Although they had to face numerous conflicts, sometimes joining the diaspora, these authors born in the second half of the 20th century proved to be as vigorous and innovative as their elders. We might mention Daniel Biyaoula's (1953-2014) first novel, L'Impasse (Présence africaine), which evoked the difficulty of navigating between two cultures and was awarded the Grand Prix littéraire d'Afrique noire in 1997, or Léopold Congo-Mbemba (1959-2013), who devoted his entire life to promoting poetry and left behind some sumptuous collections still available from L'Harmattan (Déjà, le sol est semé, Le Chant de Sama N'déye, Le Tombeau transparent), or Gabriel Okoundji, who continues to explore the art of poetry and to question literary matters, as demonstrated by De l'identité culturelle congolaise, a book (Cana, 2017) featuring two of his lectures.

Two other names have become much more familiar to us: Alain Mabanckou, of course, but also Wilfried N'Sondé, who was born in Brazzaville in 1968, spent his youth in France, where he returned to settle after more than 25 years in Germany. Both were quickly and amply rewarded for their books, whose success went far beyond the borders of their native and adopted countries. In 2006, for example, Mabanckou won the Prix Renaudot for Mémoires de porc-épic (Seuil), after having been awarded the Prix des cinq continents de la francophonie the previous year, while N'Sondé received the same award as well as the Prix Senghor de la création littéraire for his first novel, Le Cœur des enfants léopards (Actes sud, 2007).
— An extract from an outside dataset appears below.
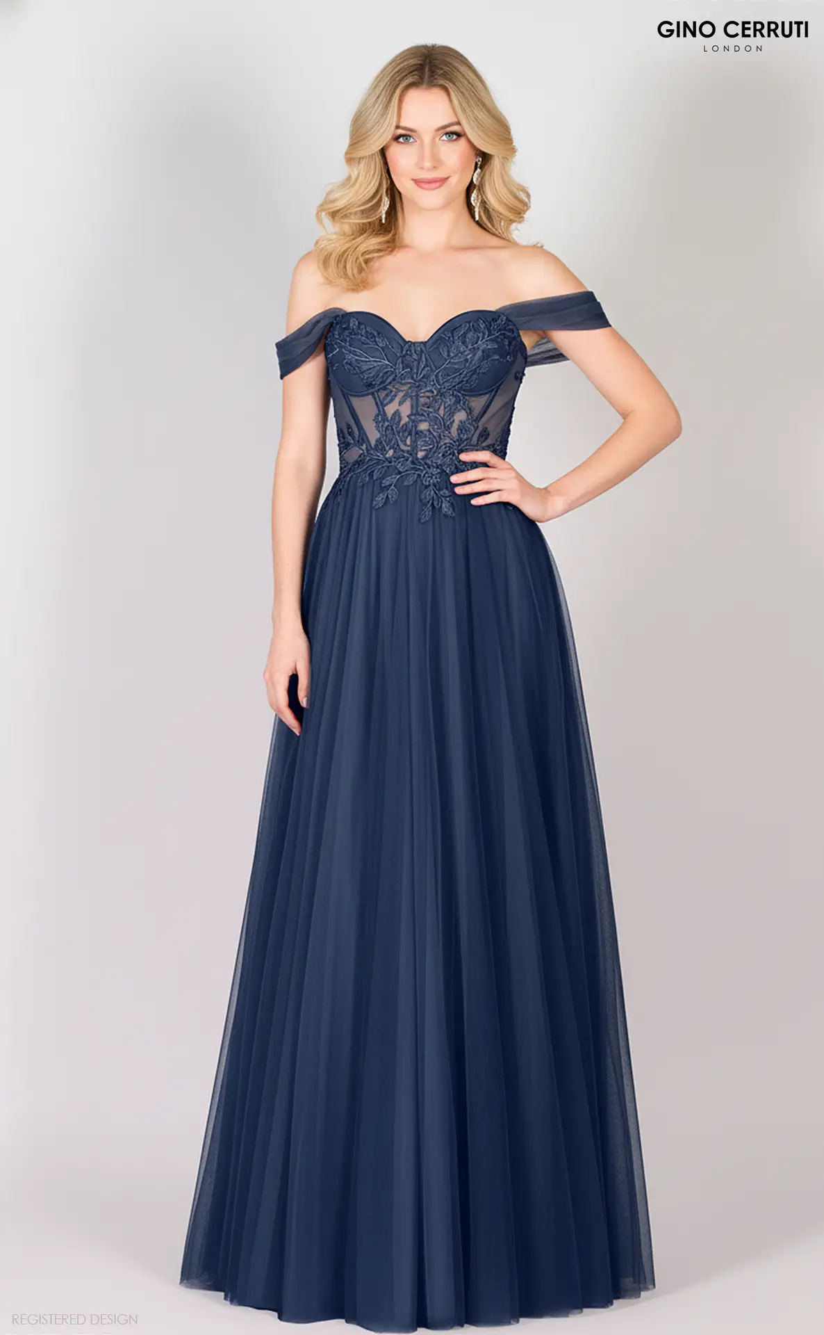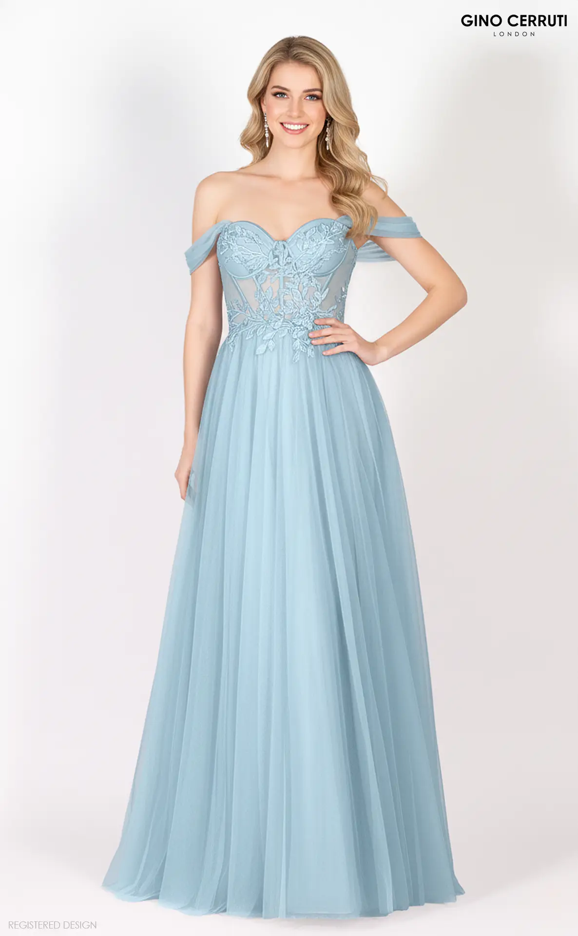Mirina is a dreamy off-the-shoulder prom gown with a corset-style lace bodice, sweetheart neckline and a floaty tulle A-line skirt that looks gorgeous from every angle, available in Baby Blue, Red and Navy.

His abundant body of work also includes Un océan, deux mers, trois continents, for which he won the prestigious Prix Ahmadou-Kourouma in 2018. In conclusion, the new generation seems determined to keep the flame alive, if the literary standards of Dieudonné Niangouna, a playwright born in Brazzaville in 1976, are anything to go by. The fine publisher L'Œil d'or is a fervent supporter of his novels, and has already published Papa tombe dans la lune in 2022 and La Mise en papa in 2023. At just 29, Fann Attiki, from Pointe-Noire, also made a name for himself with his first title, Cave 72, a realistic fresco of contemporary Congo-Brazzaville published by Lattès in 2021.